[Saved data entries]
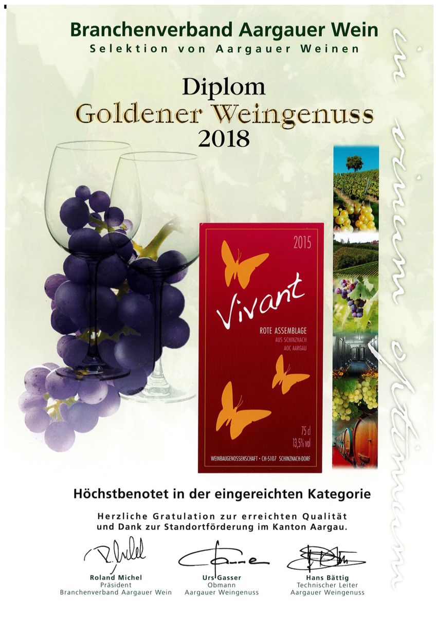 Goldener Weingenuss Höchstbenotung Branchenverband Aargauer Weine, Vivant, rote Assemblage aus Schinznach, 2015
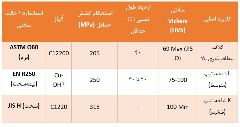 مشخصات مکانیکی کلیدی لولههای مسی بابک (آلیاژ DHP) بر اساس حالت فیزیکی
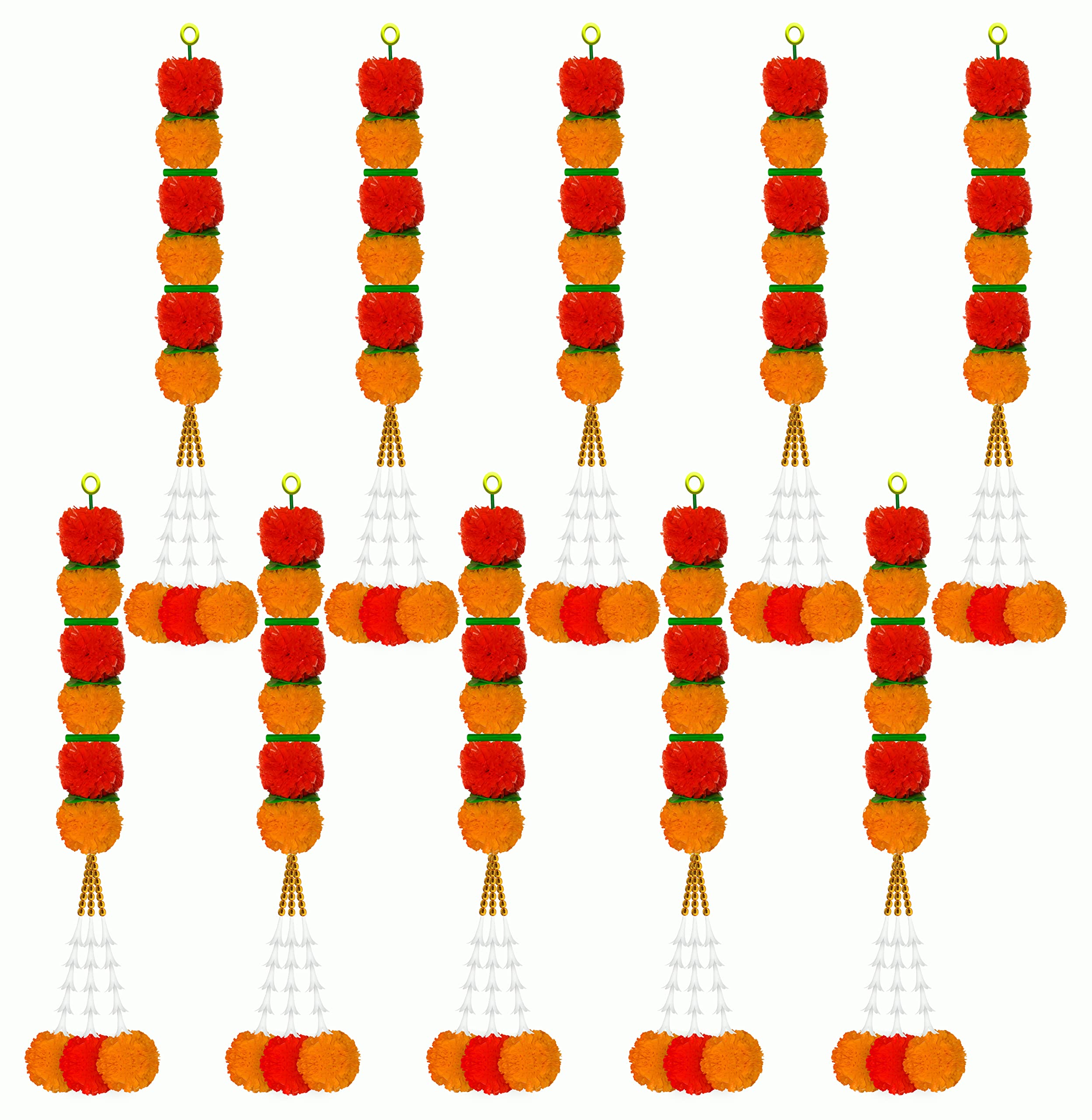 iHandikart Artificial Marigold Garland with Tuberose Flower at The Bottom for Home/Festive Decoration|Office Home Diwali Decoration| Colour Light & Dark Orange Pack of 10 (HV33704-10)
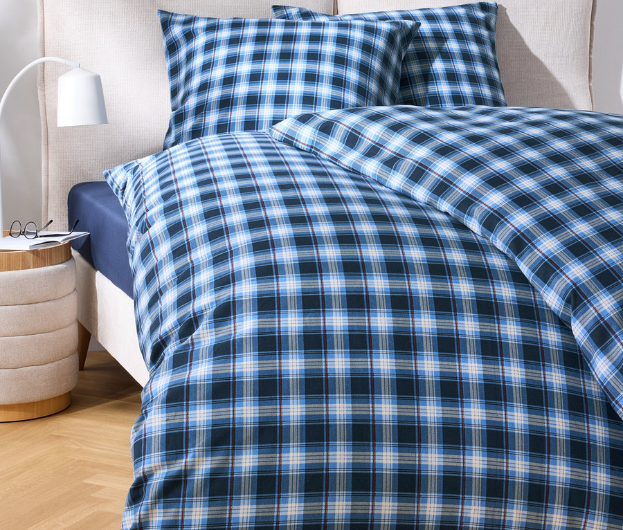 Biber-Bettwäsche, blau kariert, Normalgrösse
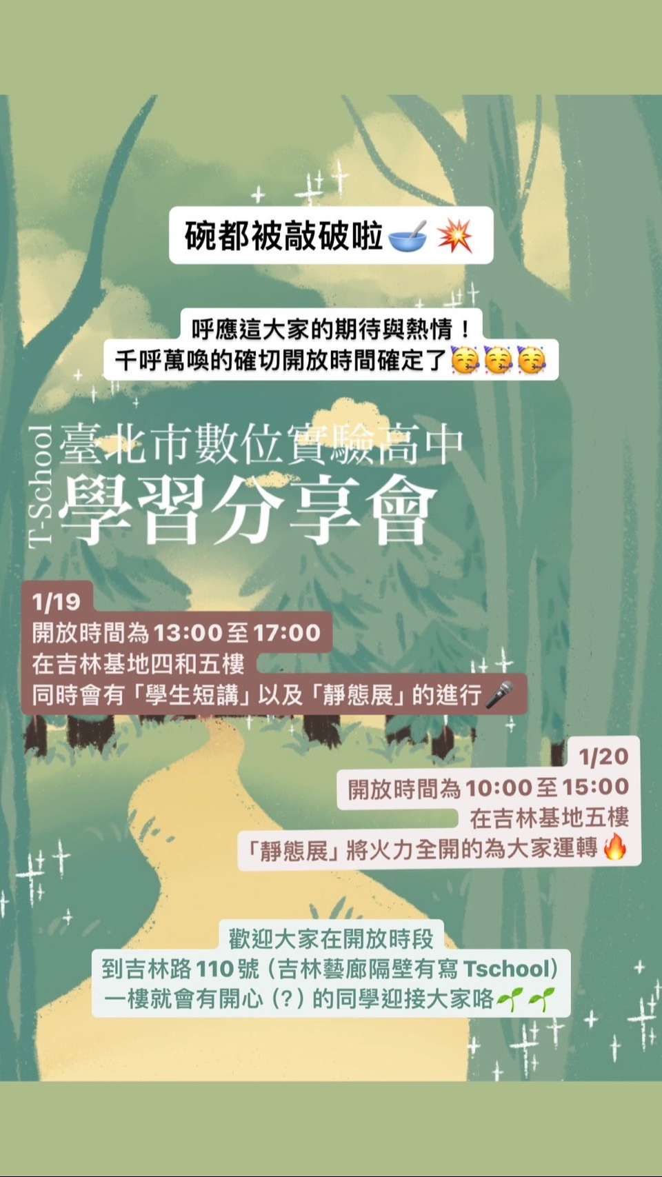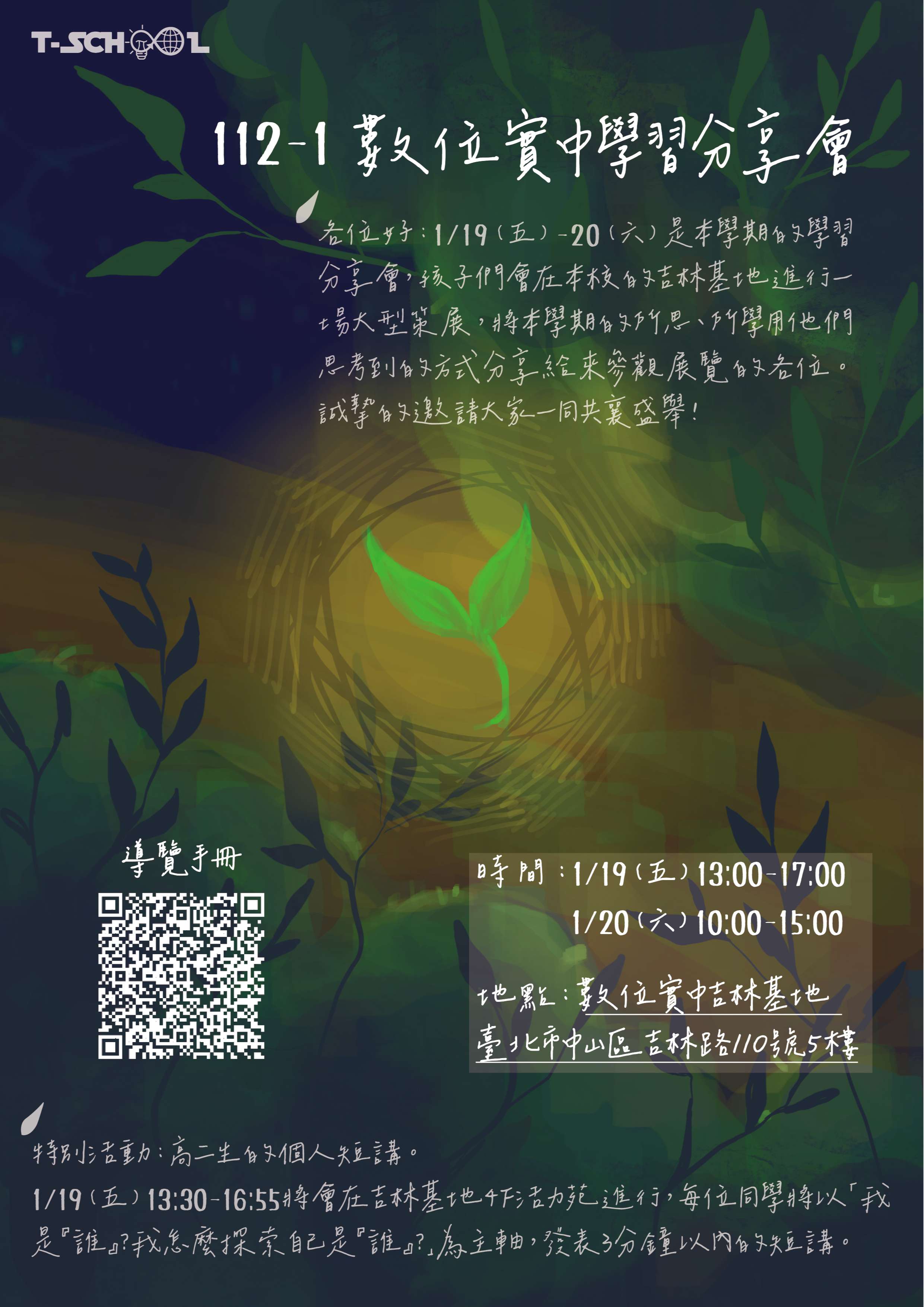 1/19(五)-20(六)是本學期的學習分享會,孩子們會在本校的吉林基地進行一場大型策展,將本學期的所思、所學用他們思考到的方式分享給來參觀展覽的各位。誠摯的邀請大家一同共襄盛舉!

#### [TASK TO COMPLETE]
Output exactly the lines from the line with "iHandikart Artificial Marigold" to the last line of the records, including both, and leave every picture out.

#### [WRITTEN ANSWER]
 iHandikart Artificial Marigold Garland with Tuberose Flower at The Bottom for Home/Festive Decoration|Office Home Diwali Decoration| Colour Light & Dark Orange Pack of 10 (HV33704-10)
 Biber-Bettwäsche, blau kariert, Normalgrösse
 1/19(五)-20(六)是本學期的學習分享會,孩子們會在本校的吉林基地進行一場大型策展,將本學期的所思、所學用他們思考到的方式分享給來參觀展覽的各位。誠摯的邀請大家一同共襄盛舉!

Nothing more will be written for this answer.